So I guess there are two dilemmas here:
Would killing Solomon have been worse than breaking a promise?
And was it justified to make a promise she didn’t intend to keep in order to learn Ki Rata?
Bearing in mind the high stakes of the situation, with the fate of the multiverse depending on the battle White Chain is preparing for (it’s much bigger than either of them)…and considering that Solomon himself may not have been in a mentally sound position to ask for that promise in the first place, considering he was being driven by fear…I can’t really blame White Chain for her choice.
Though personally, as much as I love Solomon David as a character and am glad he survived…if I were in White Chain’s position here, I would explain my own viewpoint*, and offer to let him live if he chose to void the promise, but I would still agree to kill him if he insisted on it. I consider a person’s will and ideals (with promises towards them being the strongest “rule” on that) to be more important than their survival or wellbeing, when it comes to treating someone with respect.
(*I do agree that Solomon is afraid of what might come next (he saw Rayuba made lifeless before, and fears it happening again). And though I personally sympathise with his desire to stop the wheel of history, so to speak (got my own fears around the very idea of eternity), I’d encourage him to keep living anyway despite that fear. As much as I myself feel like, given an eternity, anything bad that can happen will happen – and as much as I fear that (and all the bad things I might one day do)…the same goes for anything good, and life is still worth living)

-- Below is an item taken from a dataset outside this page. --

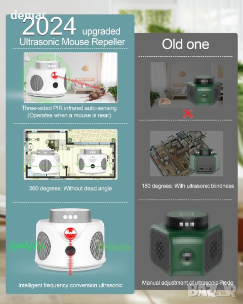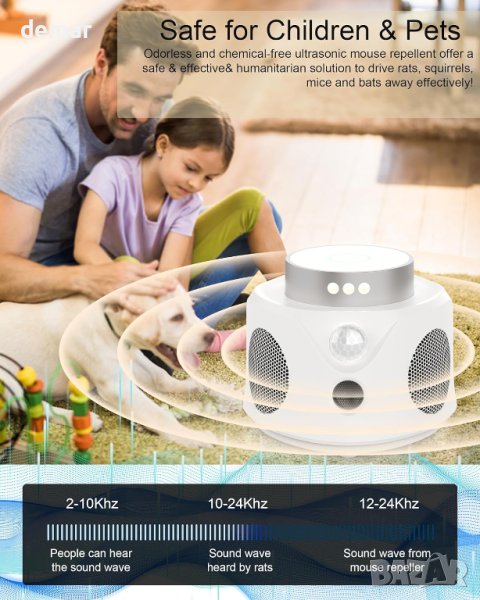 Модернизираният репелер за мишки 2024 използва модерна технология за ефективно отблъскване на гризачи като мишки, хамстери и катерици от различни среди, включително домове, складове, гаражи и тавани. Той използва ултразвук с променлива честота, PIR инфрачервени сензори и фенерчета, за да наруши нервната система на гризачите, което ги кара да се чувстват неудобно и ги прогонва. Този репелер покрива ефективен обхват до 349 квадратни метра и няма да безпокои вашите домашни любимци. Просто го включете в USB източник на захранване, включете го и го оставете да работи със своите 9 фенерчета и 3 високоговорителя, излъчващи ултразвукови вълни на 360 градуса за лесна и удобна борба с вредителите.

the history of the white chain comes full circle, she served the council of angels, she rebelled and now she creates her own council of people. how long will it take to “I recognize the council has made an decision, but given that it is a stupid ass decision, I have elected to ignore it.”
“My hand, and the power it wields, belongs now and forever to the State!”
I have a big problem with this.
Service to the State is honorable as long as the State is honorable overall. But servitude to the State is NOT. That way lies becoming a tool of totalitarianism. Her hand, and the power it wields, can honorably be used FOR the State but should never BELONG to it. It can only belong to her, to be extended to or withdrawn from the service of the State based on her own judgement as to whether it will be used in honorable causes. Individuals must never completely subsume their will to that of the State, regardless of the worth of that State. And while they can accept the authority of the State to direct their actions, they never transfer responsibility of their actions to it. That’s where “We were only following orders” comes from.
We must never forget the adage of that noted philosopher, the late P. J. O’Rourke:
“Giving money and power to government is like giving whiskey and car keys to teenage boys.”
They always are.
what the FUCK is she talking about O_O
She’s saying that she should be a tool for the state, even a corrupt one, because she hopes that regular people eventually get it right.
She seems to be rejecting Solomon’s attempt to push her into becoming yet another Demiurge.
The way they ruled was that those with power ultimately decided the fate of the masses; White Chain wishes to serve creation and the people in it, instead of controlling it as SD did – pretty much rejecting his philosophy entirely.
A peacekeeper, instead of a warlord!
White Chain is simultaneously rejecting becoming god-king and refusing to kill Solomon. This is the opposite of coincidence: she will not solve Solomon’s problems or the Republic’s problems for them.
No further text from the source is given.